Ich bin seit 40 Jahren Schilkseer Bürgerin und habe bis vor 2 Jahren das besagte Grundstück wie selbstverständlich zu der Kirche gezählt und nicht ansatzweise als städt. Grundstück oder gar als Baulücke angesehen. Gerade diese grüne Wiese, mit Ihrem Knick und dem Baumbestand ist als Ensemble anzusehen.
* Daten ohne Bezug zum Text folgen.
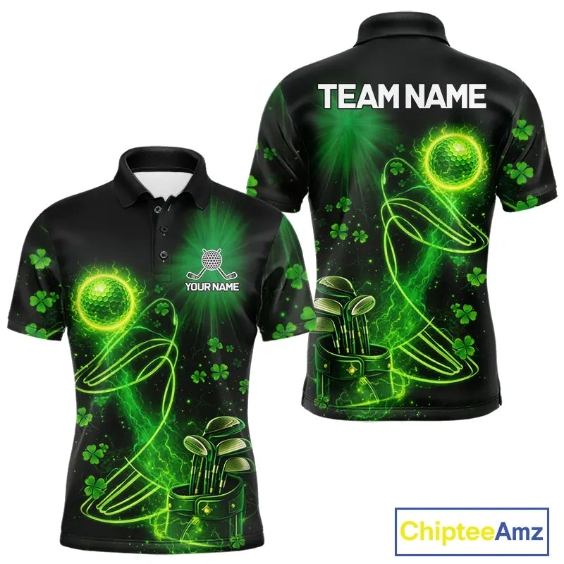 Green shamrock lightning thunder St Patrick's Day custom matching golf polo shirts for couples NQS11415

Hier wird das Wort Kirchenschiff bildlich dargestellt, mal ganz davon abgesehen, dass der Architekt der Dietrich Bonhoefer Kirche ja auch bereits die Kirche mit dem Bug (Kirchturm) in südliche Richtung gelegt hat und die Wiese dahinter praktisch das Meer darstellt. So wird es auch auf der Homepage der Kirche beschrieben.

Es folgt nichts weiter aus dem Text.